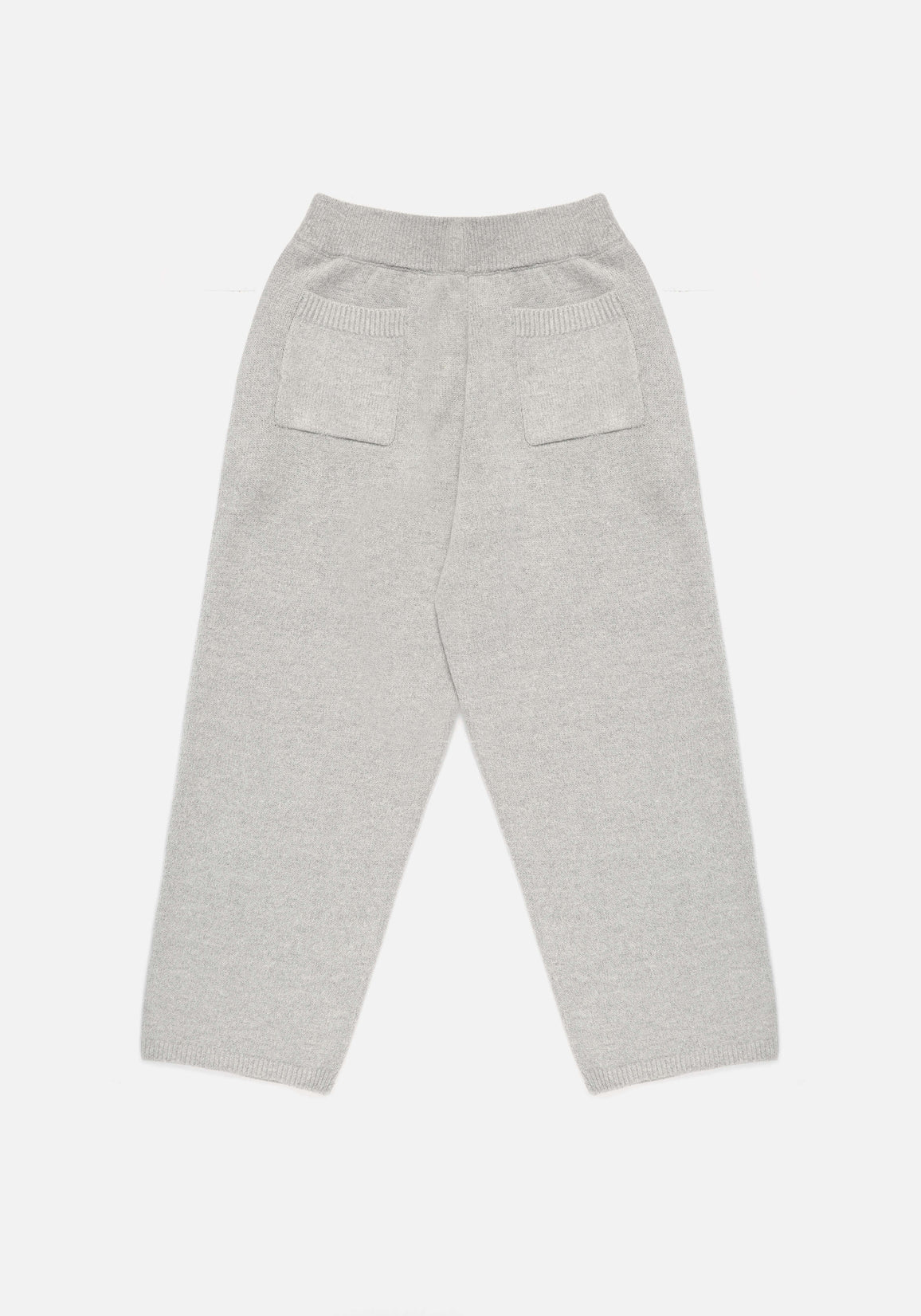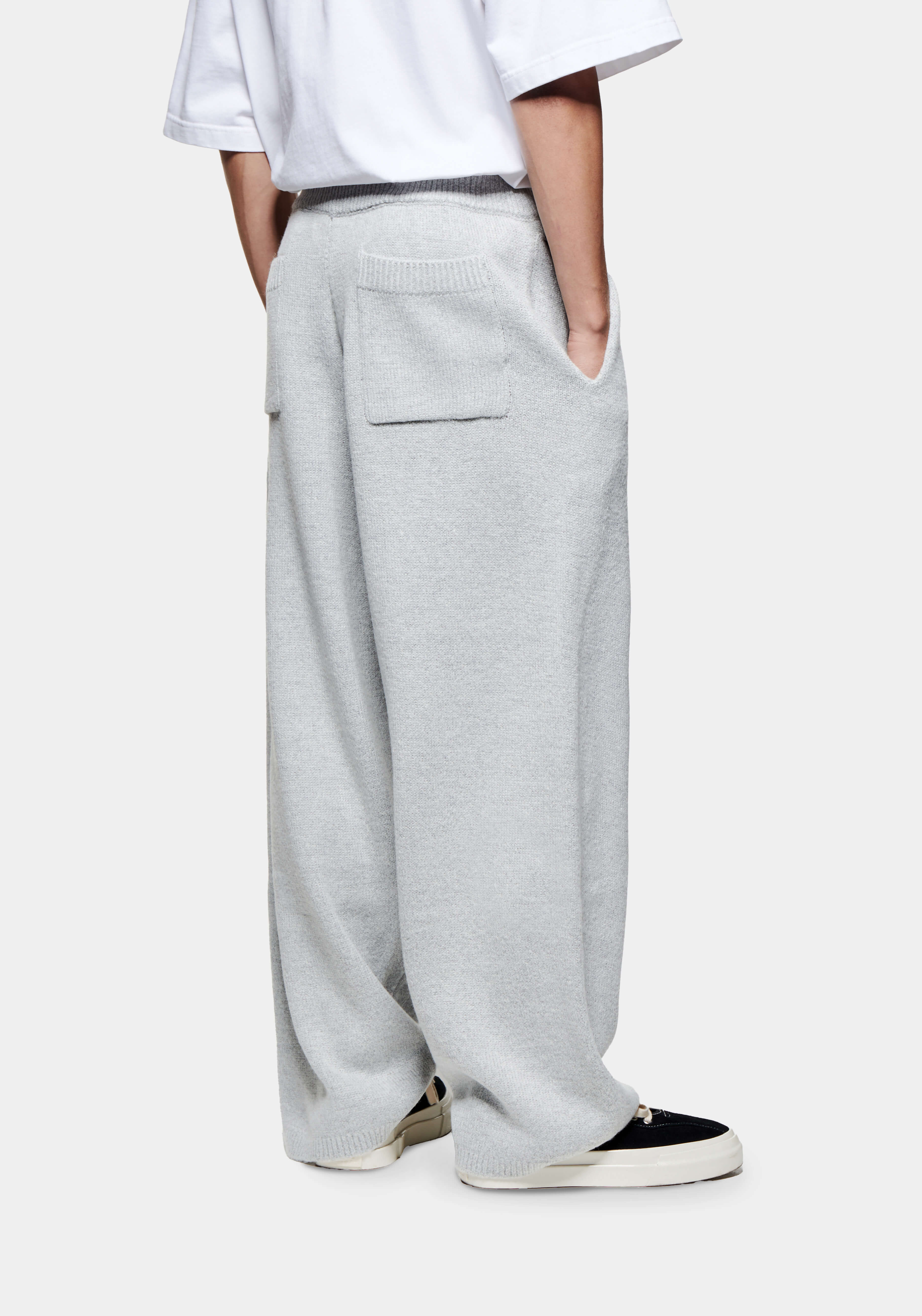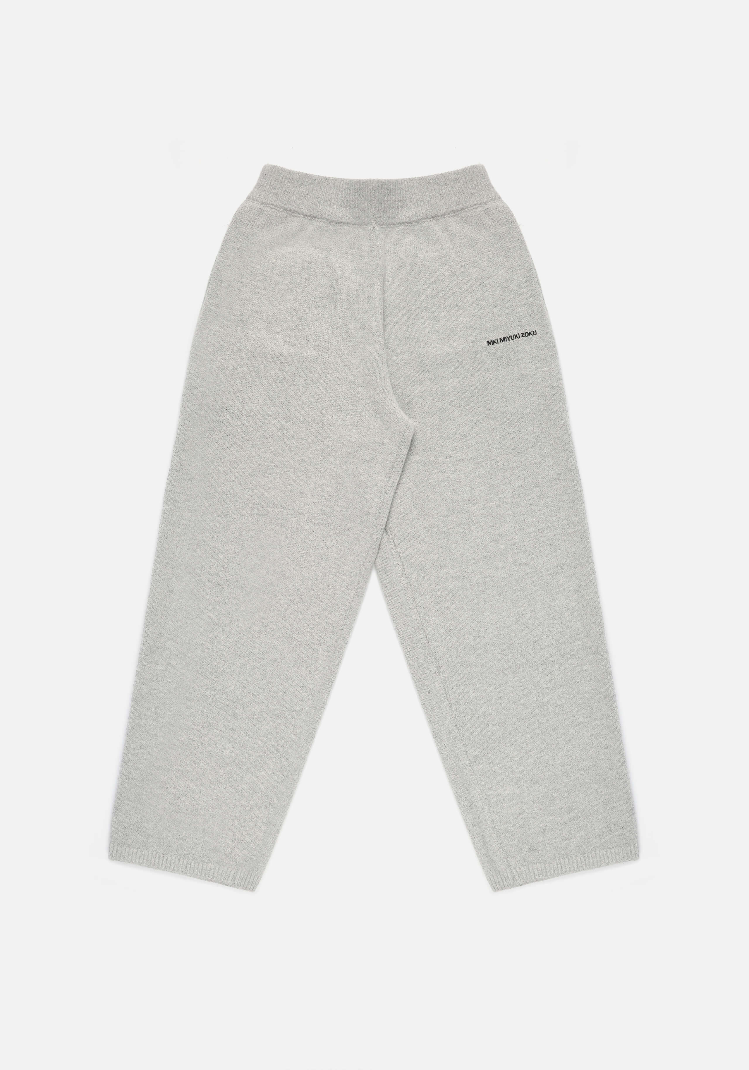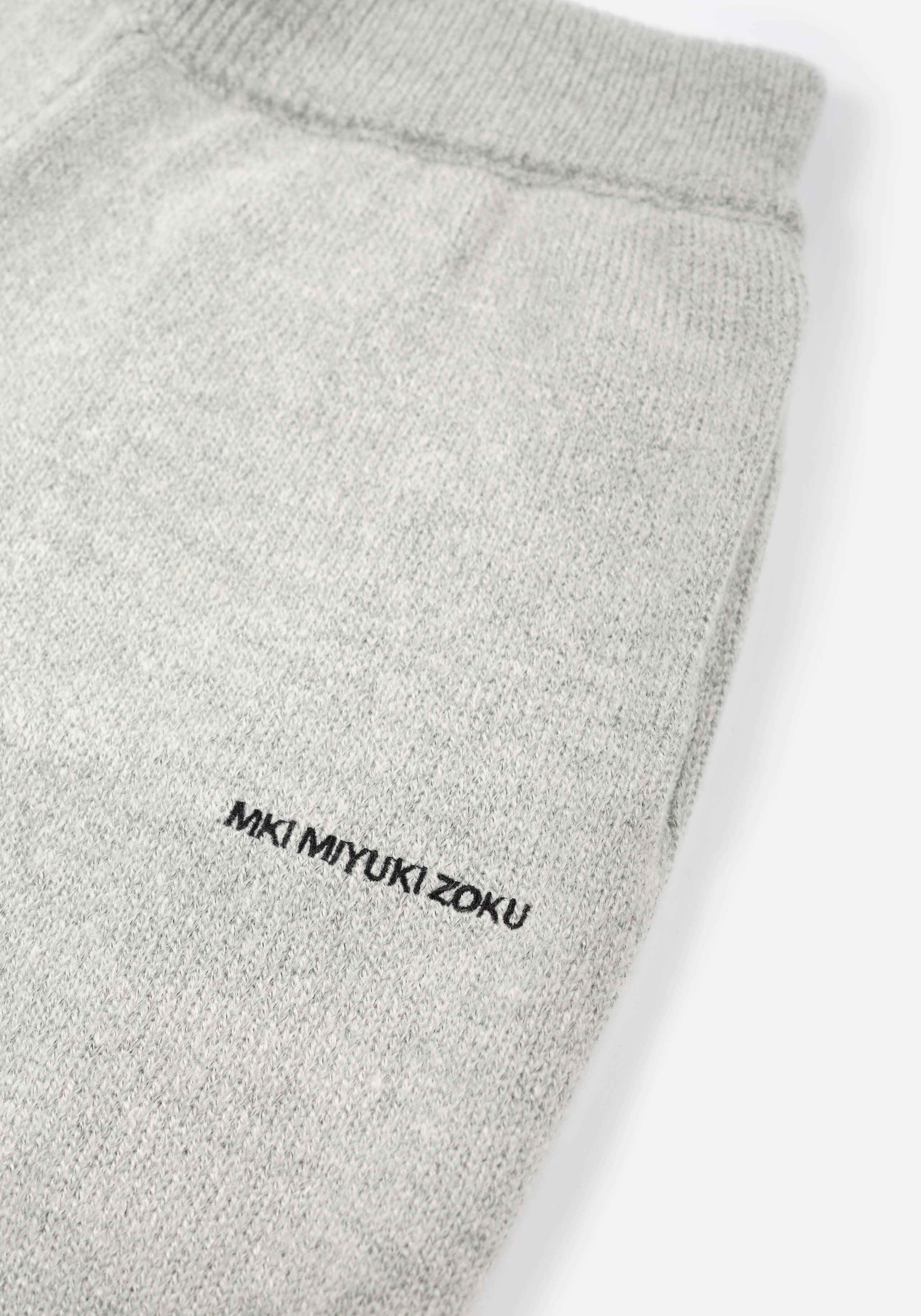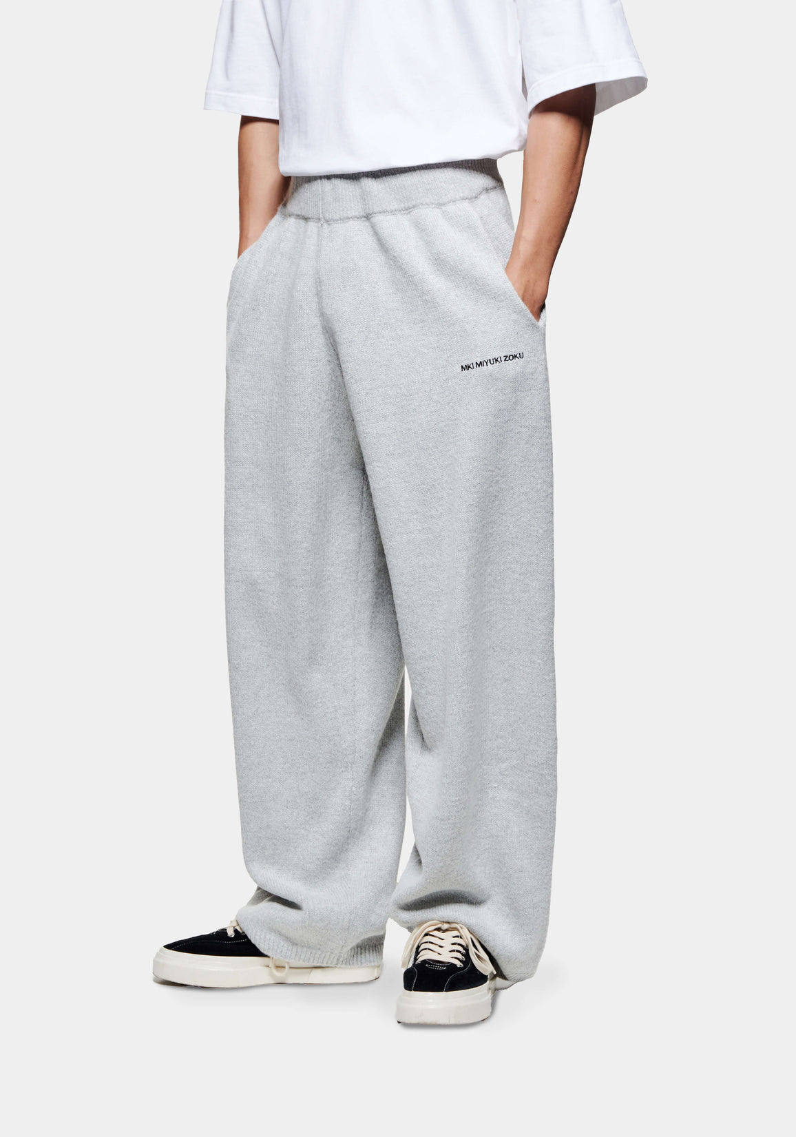 MKI MOHAIR BLEND KNIT WIDE LEG JOGGERS IN LIGHT GREY: THESE JOGGERS FEATURE AN UPDATED WIDE-LEG STYLE WITH A HEAVIER DRAPE, CRAFTED FROM HEAVY MOHAIR BLEND FABRIC.
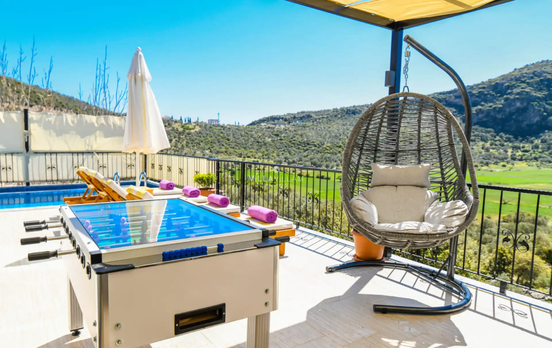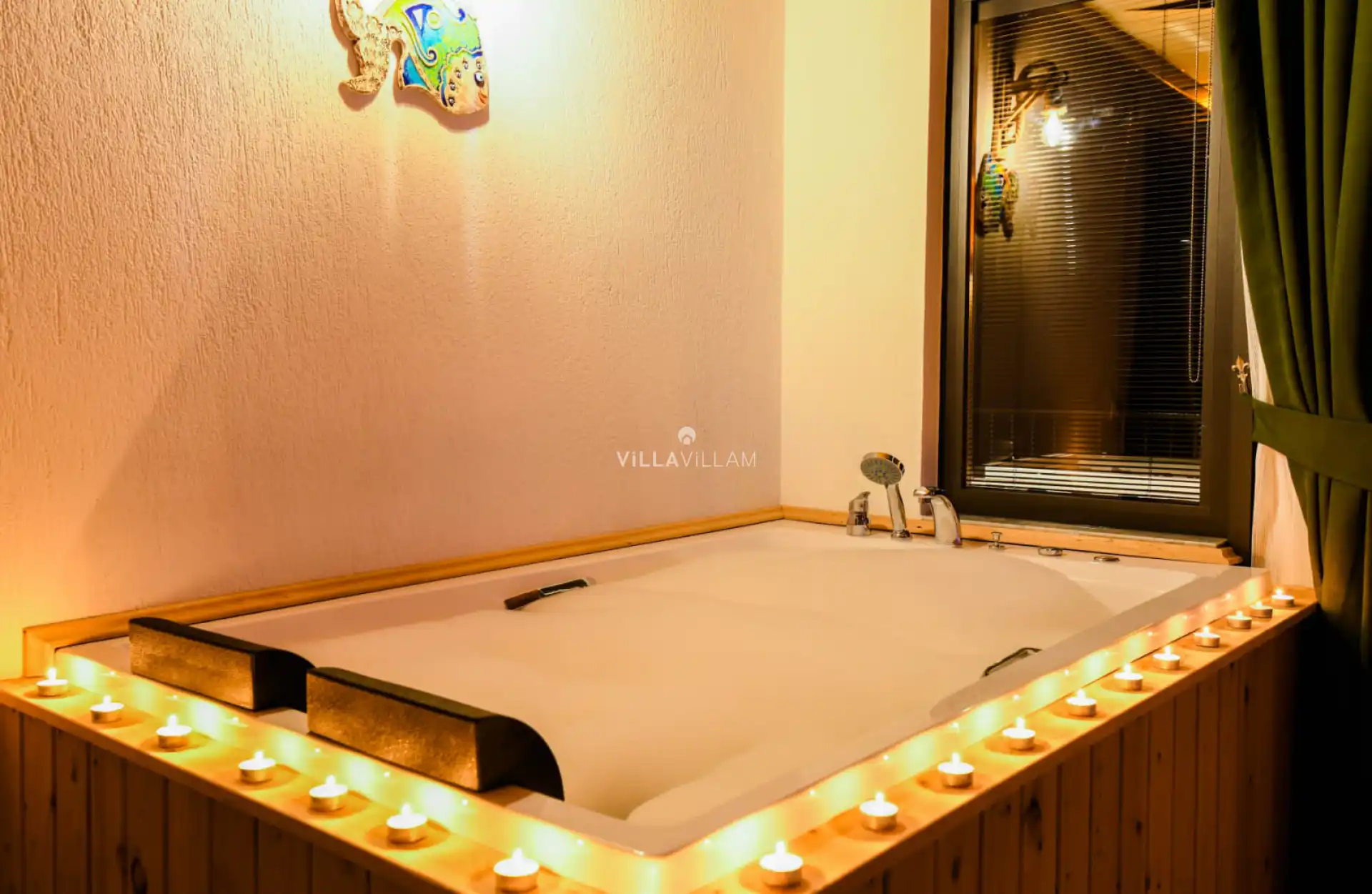 Yemyeşil bir atmosferde kendinizi doğanın verdiği huzurla güneşin kollarına bırakabileceğiniz özel bir konum sunan villamızda eğlenceli zaman geçirebilmeniz için langırt da yer almaktadır. Konforlu mobilyaları, özel konumu, korunaklı havuz alanı ve ebeveyn odasında yer alan jakuzisi ile tatil beklentilerinizi tam karşılayabilecek olan seçeneklerimiz arasında olan villa misafirlerimizi beklemektedir. Birinci yatak odasında çift kişilik yatak, jakuzi ve ebeveyn banyosu; ikinci yatak odasında çift kişilik yatak ve banyo bulunmaktadır.
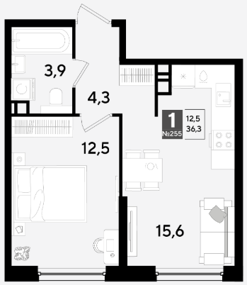 | 1 | 36.3 / 12.5 м² | от 7 014 230 руб. (193 229 руб./м²) | Планировка | |
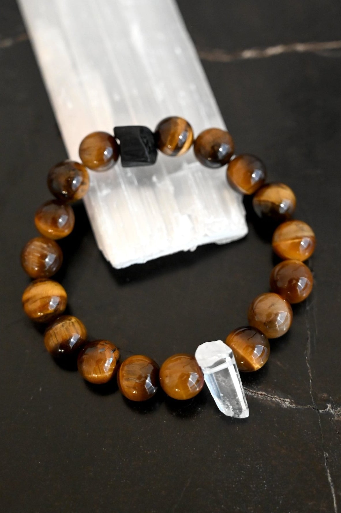 Tiger’s Eye builds courage and focus, Quartz amplifies clarity, and Tourmaline shields your energy grounding you in balance and strength.
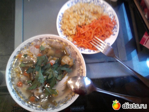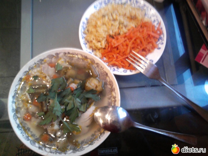 Обедала в 16,30 супчиком из овощей с петрушкой + рис и морковь по-корейски, но не острая. Рис, правда я не одолела
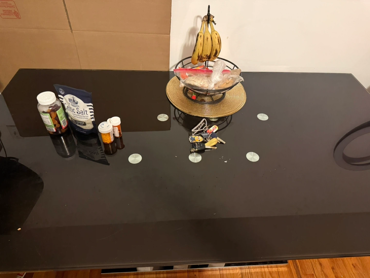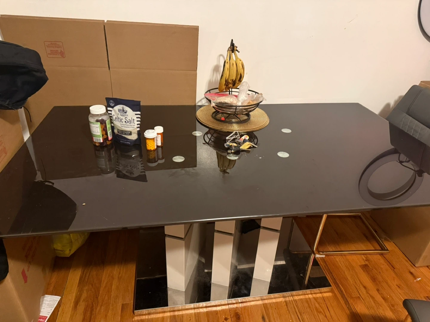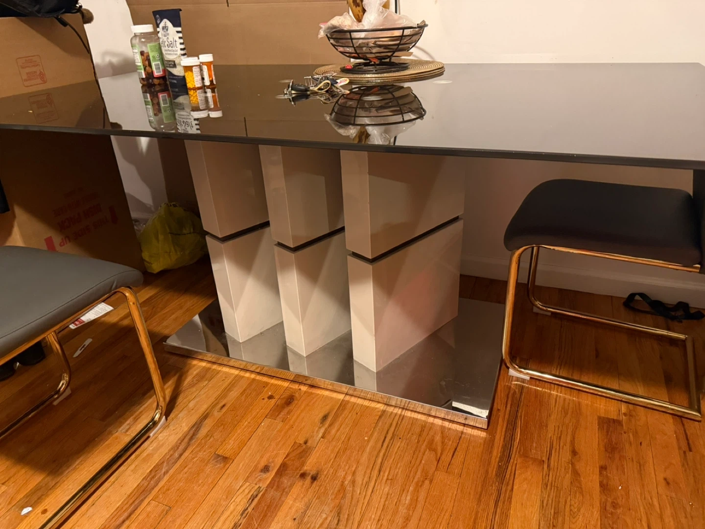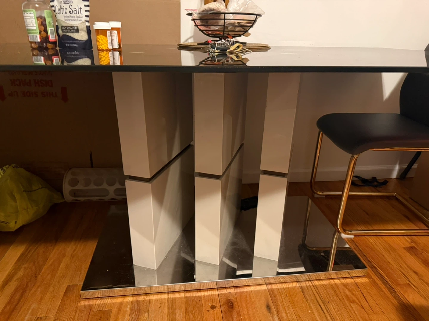 This dining table features a sleek black glass top and a unique modern base with white and chrome accents. It's a stylish centerpiece for any dining area. The glass surface is durable and easy to clean. It's a great size for family meals or entertaining guests!

────────────────

Action item:
Your copy must hold exactly the lines from the one with "Планировка | |" to the end of the records above, both included, and no pictures.

Answer to this exercise:
 | 1 | 36.3 / 12.5 м² | от 7 014 230 руб. (193 229 руб./м²) | Планировка | |
 Tiger’s Eye builds courage and focus, Quartz amplifies clarity, and Tourmaline shields your energy grounding you in balance and strength.
 Обедала в 16,30 супчиком из овощей с петрушкой + рис и морковь по-корейски, но не острая. Рис, правда я не одолела
 This dining table features a sleek black glass top and a unique modern base with white and chrome accents. It's a stylish centerpiece for any dining area. The glass surface is durable and easy to clean. It's a great size for family meals or entertaining guests!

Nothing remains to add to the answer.